*** Opening DATA PROVIDED ***

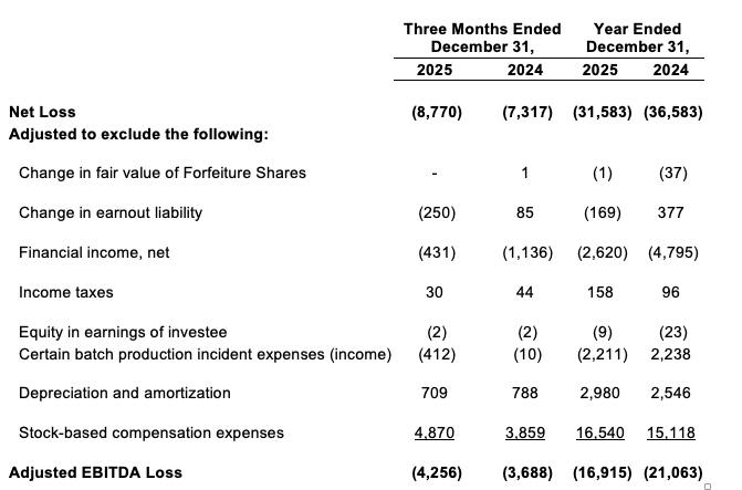 The following table provides a reconciliation of Net loss to Adjusted EBITDA, a non-GAAP measure. Adjusted EBITDA is defined as Net profit (loss) before financial expense (income), net, income taxes, equity in earnings of investee and depreciation and amortization, further adjusted to exclude share-based compensation and change in fair value of Forfeiture Shares and earnout liability, which may vary from period-to-period, and certain batch production incident expenses(income). We caution investors that amounts presented in accordance with our definition of Adjusted EBITDA may not be comparable to similar measures disclosed by other issuers, because not all issuers calculate Adjusted EBITDA in the same manner. Adjusted EBITDA should not be considered as an alternative to Net loss or any other performance measures derived in accordance with GAAP or as an alternative to cash flows from operating activities as a measure of our liquidity.
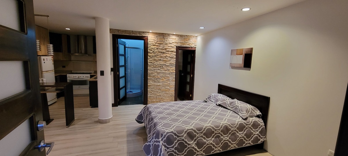 Disfruta de una experiencia con estilo en este alojamiento céntrico. El departamento está ubicado en la parte central de la ciudad en el segundo piso del edificio, se encuentra a pocos minutos de parques, bares, cines, mercado etc. El Espacio: La habitación es acogedora y tranquila con conexión gratis de wifi las 24 horas, con una elegante sala y con un cómodo sofácama. El departamento tiene acabados de primera con una excelente vista a laciudad.
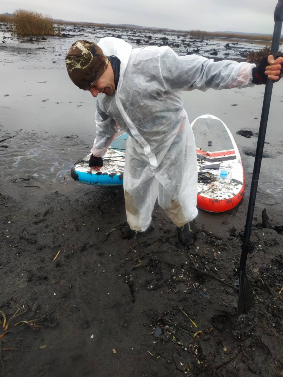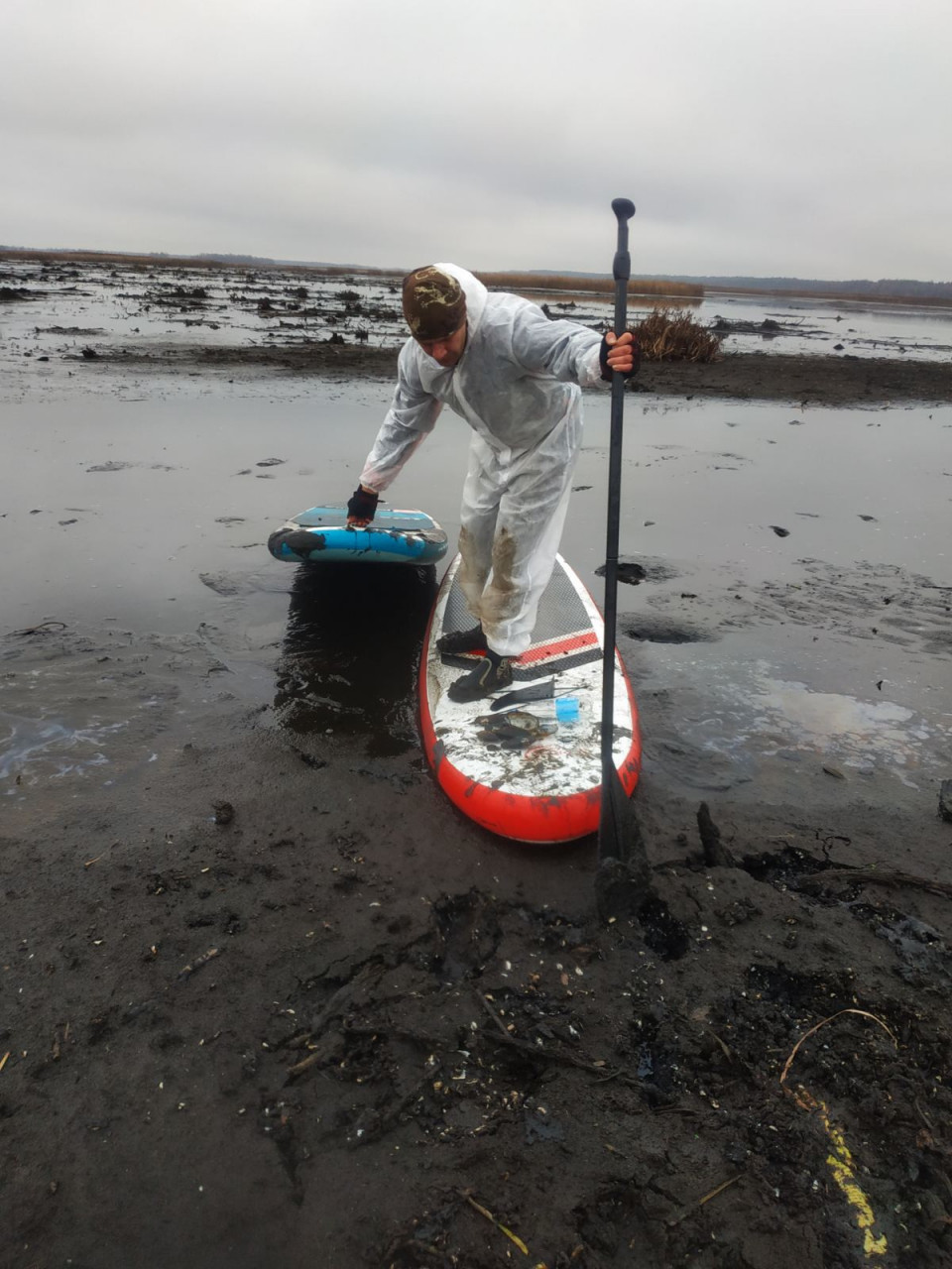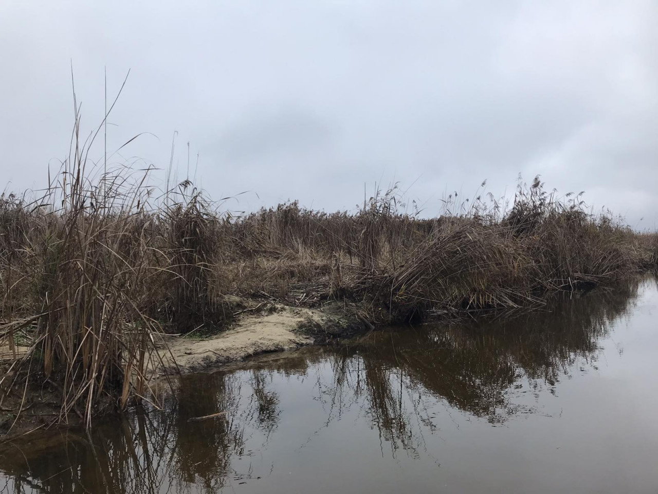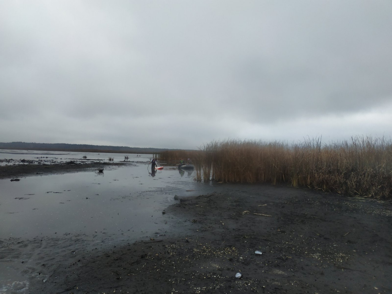 Неожиданно Дима Погодин стал поднимать ногу мотора. А белый бурун из-под винта сделался черным. И что самое ужасное несколько раз мы ударились о пеньки!! Вот он виден вход в канал. А чтобы попасть на западный берег и не ломиться через тростник требовалось как раз по этому каналу ехать к берегу. Но что это… А где же вода!? Колом встала лодка, заглушили мотор и начали проталкиваться веслами. Да и сапы дальше ехать не смогли. Берег он вот, рукой подать. Но почему нет воды?! Есть разве смазка и метр ила. Я опрометчиво попробовал выйти. Тотчас обе ноги засосало в грязь самой говнообразной консистенции. Как страшно должно быть тонуть в болоте! Благо есть сап. Взявшись за него руками поперек, проделывая фрикционные движения и при этом, затрачивая колоссальное количество энергии, кое-как на него взгромоздился. Причем с одышкой. Канал действительно наш. Он ровной полоской уходил вдаль. Чуть более километра было до берега. А там лагерь и суп лагман. Это не ошибка. И навигатор показывает, что он, канал наш. Только где же в нем вода!? Кое-как двадцать метров я дотолкал сап до берега. Какой там канал. Коллектив тоже был обескуражен. Но при этом все оставались необычайно веселыми. Доселе белые костюмы тотчас сплошь вымазались в зловещую говнообразную грязь. Настолько мелкодисперсную и торфяную, что больше походила она на строительную замазку!
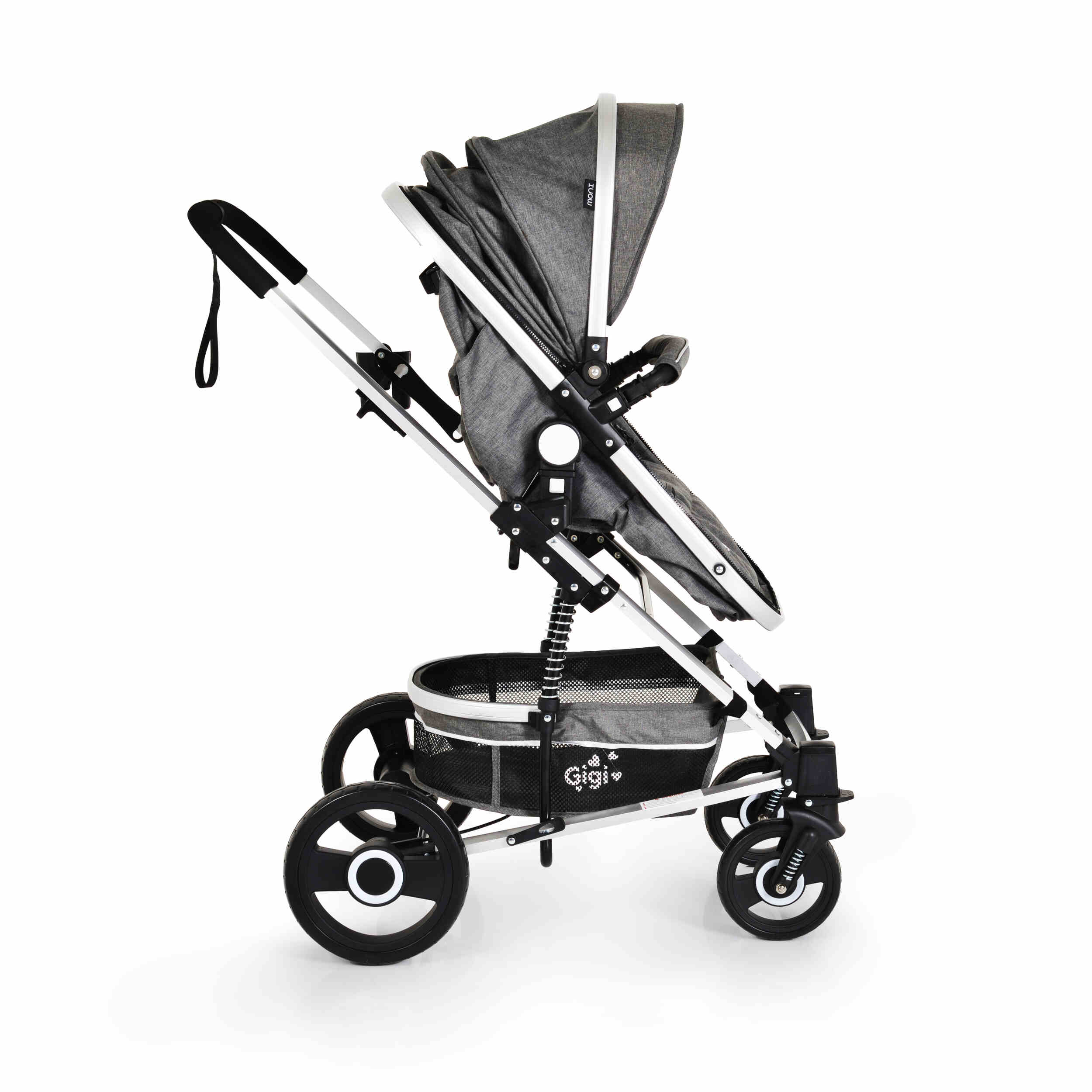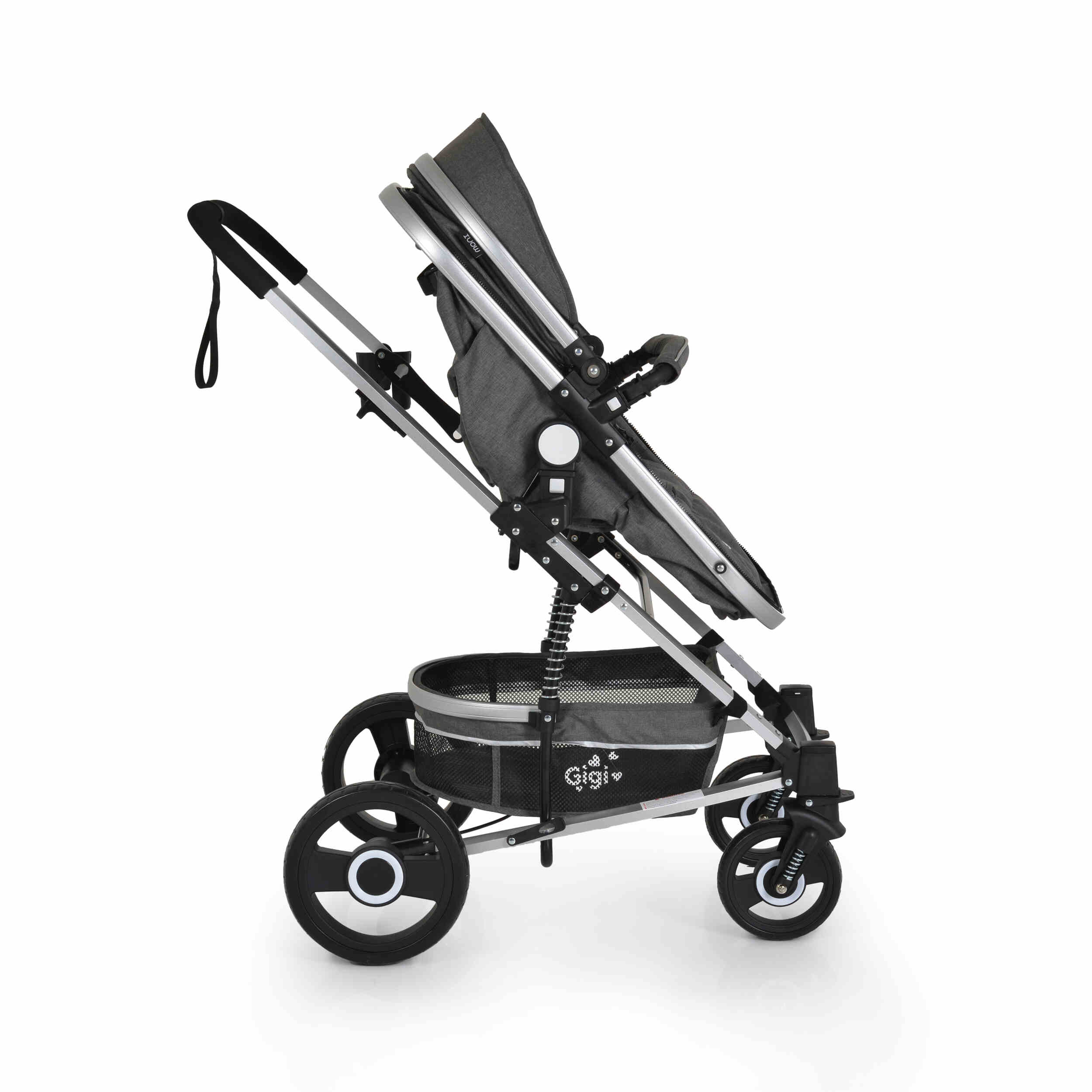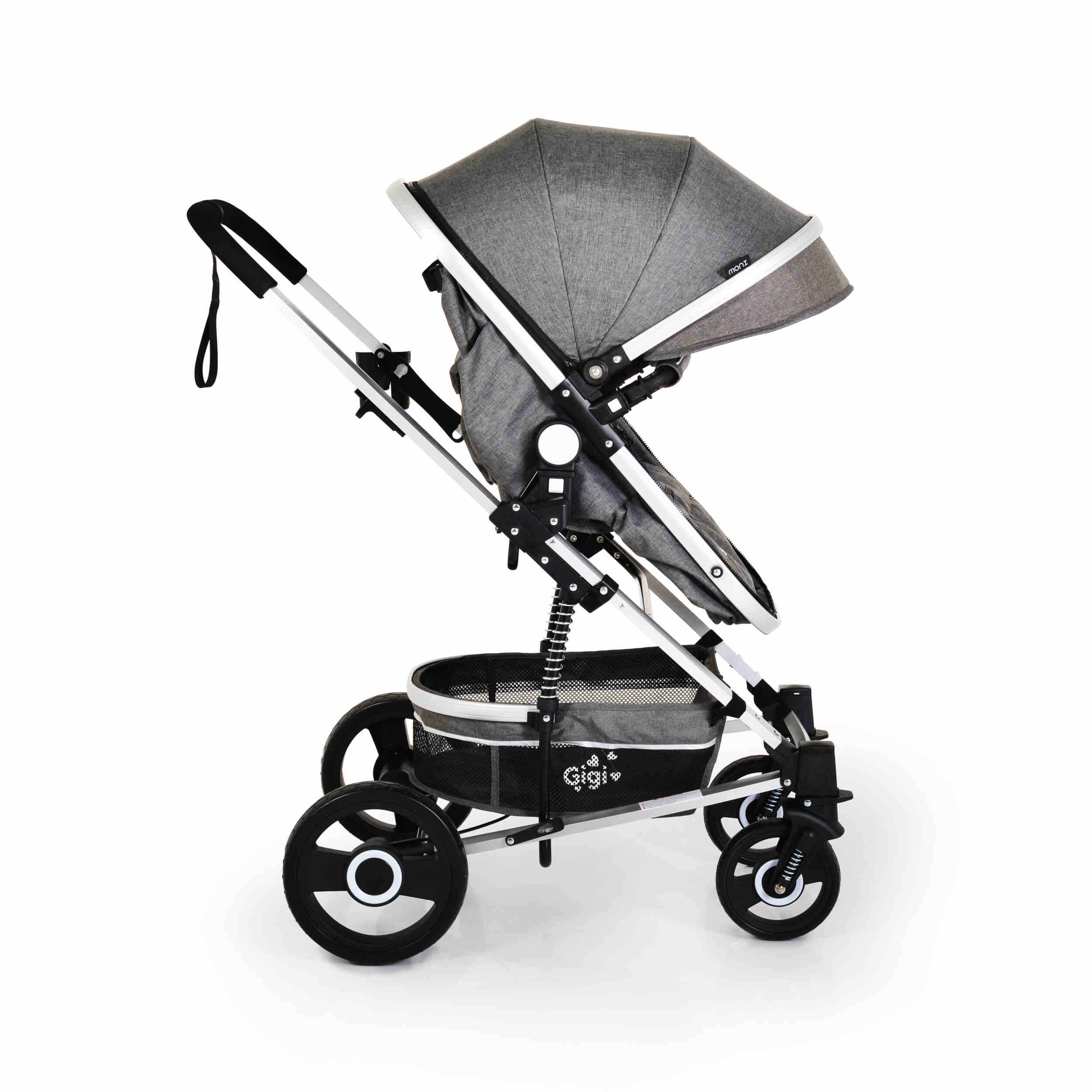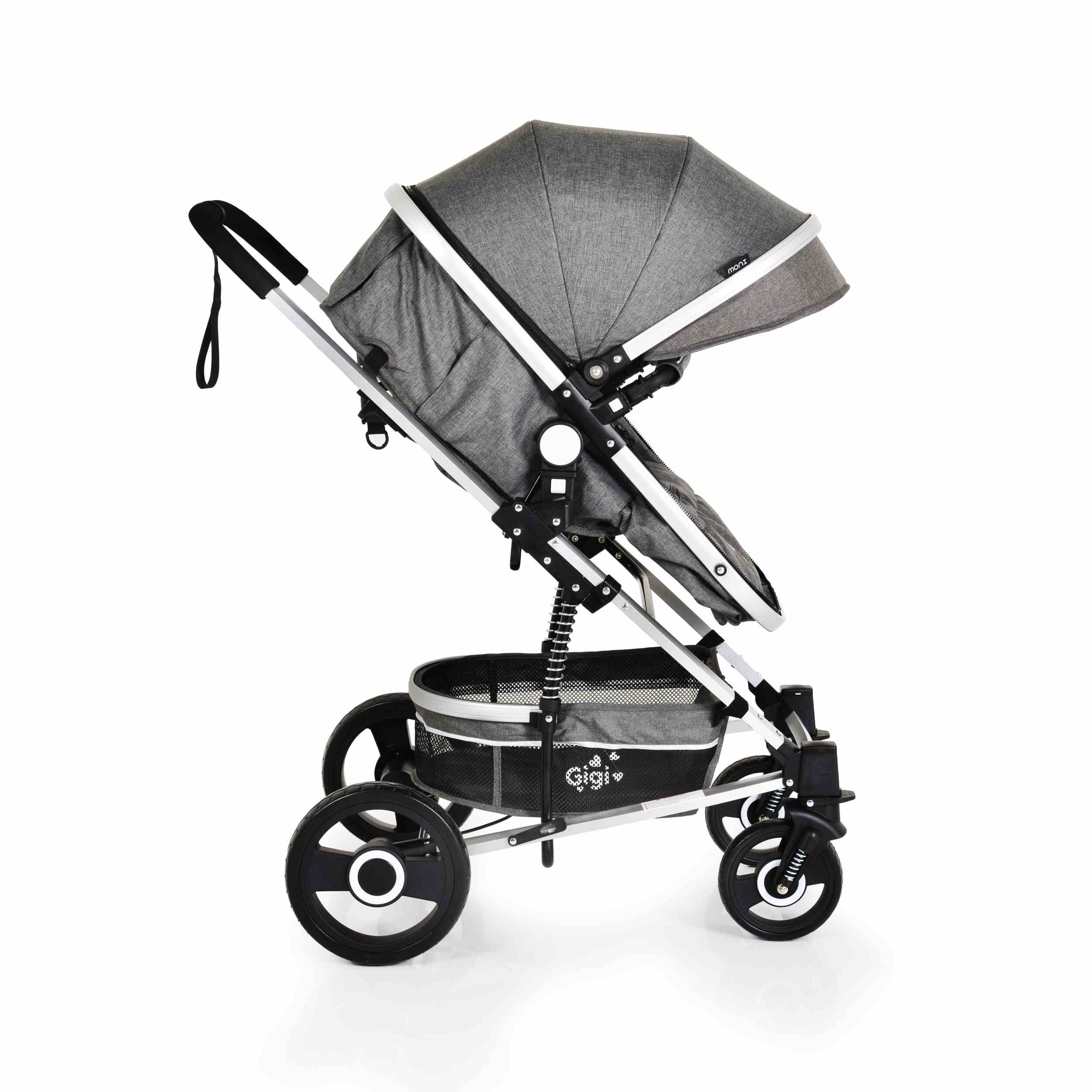 Комбинирана детска количка Gigi тъмносива съчетава стилен дизайн с изключителна функционалност. Тя е подходяща за новородени и деца с тегло до 15 килограма. Впечатлява с регулируема седалка, която лесно може да се трансформира в кош за новородено. Количката е оборудвана с 5-точков предпазен колан с меки подплънки, гарантиращ безопасността на вашето бебе. Топлото покривало предпазва малките крачета от студ. Атрактивният дизайн и всички характеристики правят комбинираната детска количка Gigi чудесен избор за активни семейства, които обичат да прекарват времето си на открито1.

*** Closing DATA PROVIDED ***

PROBLEM DETAILS: The whole listing should be printed again exactly as written, images excluded.

RESULT OF THE EXERCISE:
 The following table provides a reconciliation of Net loss to Adjusted EBITDA, a non-GAAP measure. Adjusted EBITDA is defined as Net profit (loss) before financial expense (income), net, income taxes, equity in earnings of investee and depreciation and amortization, further adjusted to exclude share-based compensation and change in fair value of Forfeiture Shares and earnout liability, which may vary from period-to-period, and certain batch production incident expenses(income). We caution investors that amounts presented in accordance with our definition of Adjusted EBITDA may not be comparable to similar measures disclosed by other issuers, because not all issuers calculate Adjusted EBITDA in the same manner. Adjusted EBITDA should not be considered as an alternative to Net loss or any other performance measures derived in accordance with GAAP or as an alternative to cash flows from operating activities as a measure of our liquidity.
 Disfruta de una experiencia con estilo en este alojamiento céntrico. El departamento está ubicado en la parte central de la ciudad en el segundo piso del edificio, se encuentra a pocos minutos de parques, bares, cines, mercado etc. El Espacio: La habitación es acogedora y tranquila con conexión gratis de wifi las 24 horas, con una elegante sala y con un cómodo sofácama. El departamento tiene acabados de primera con una excelente vista a laciudad.
 Неожиданно Дима Погодин стал поднимать ногу мотора. А белый бурун из-под винта сделался черным. И что самое ужасное несколько раз мы ударились о пеньки!! Вот он виден вход в канал. А чтобы попасть на западный берег и не ломиться через тростник требовалось как раз по этому каналу ехать к берегу. Но что это… А где же вода!? Колом встала лодка, заглушили мотор и начали проталкиваться веслами. Да и сапы дальше ехать не смогли. Берег он вот, рукой подать. Но почему нет воды?! Есть разве смазка и метр ила. Я опрометчиво попробовал выйти. Тотчас обе ноги засосало в грязь самой говнообразной консистенции. Как страшно должно быть тонуть в болоте! Благо есть сап. Взявшись за него руками поперек, проделывая фрикционные движения и при этом, затрачивая колоссальное количество энергии, кое-как на него взгромоздился. Причем с одышкой. Канал действительно наш. Он ровной полоской уходил вдаль. Чуть более километра было до берега. А там лагерь и суп лагман. Это не ошибка. И навигатор показывает, что он, канал наш. Только где же в нем вода!? Кое-как двадцать метров я дотолкал сап до берега. Какой там канал. Коллектив тоже был обескуражен. Но при этом все оставались необычайно веселыми. Доселе белые костюмы тотчас сплошь вымазались в зловещую говнообразную грязь. Настолько мелкодисперсную и торфяную, что больше походила она на строительную замазку!
 Комбинирана детска количка Gigi тъмносива съчетава стилен дизайн с изключителна функционалност. Тя е подходяща за новородени и деца с тегло до 15 килограма. Впечатлява с регулируема седалка, която лесно може да се трансформира в кош за новородено. Количката е оборудвана с 5-точков предпазен колан с меки подплънки, гарантиращ безопасността на вашето бебе. Топлото покривало предпазва малките крачета от студ. Атрактивният дизайн и всички характеристики правят комбинираната детска количка Gigi чудесен избор за активни семейства, които обичат да прекарват времето си на открито1.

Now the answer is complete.